"Almost everyone believes that the state should be in the business of setting national goals in every area of life, of guiding its subjects' paths, of reordering their lives and the world. Most people argue only about particular choices and the degree of control involved. Almost no one will challenge the principle itself."
- Arthur Silber
And this, this right here, is the only ideology that actually matters, when it comes to the State. The rest is just gas and bullshit to fool the rubes. The "republicans" handle one side of the con, and the "democrats" handle a different side of it. In the long run, they're both working together to extend their collective power over us. Any real disagreements are like two farmers disagreeing over livestock management techniques.
"These are only some of the very bitter fruits of foreign intervention: uncontrollable consequences are always set loose and, all too often, those consequences are directly opposed to what the original stated purpose had been. And yet, like the insane man, we repeat this behavior over and over again, insisting that this time the result will be different, and it will finally work -- and we'll get exactly the result we want, and no others at all."
- Arthur Silber (from a different essay)
Ahh but to this I would say, if you keep throwing the baby out with the bath-water, maybe it was the baby you wanted to get rid of in the first place.
After 100+ years of practice, those playing this game must have at least some vague idea of the praxeology of intervention. Certainly, if you or I have figured some of it out in the short span of our years of analysis.

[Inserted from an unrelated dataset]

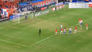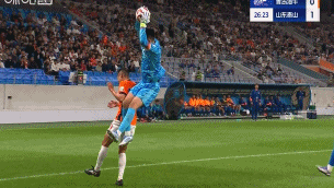 第90+1分钟,刘洋主罚定位球射球 被韩镕泽化解。↓

At the very least they must understand that the more chaos and capital destruction, outside of their "walled city" of private order, the better it is for them. If you're a water oligpolist, a world-wide drought is just what the doctor ordered. Extend the pattern... and voila!
The game really has to work that way, because that is functionally how it works, either that or they're just all insane. Either explanation makes at least some sort of sense.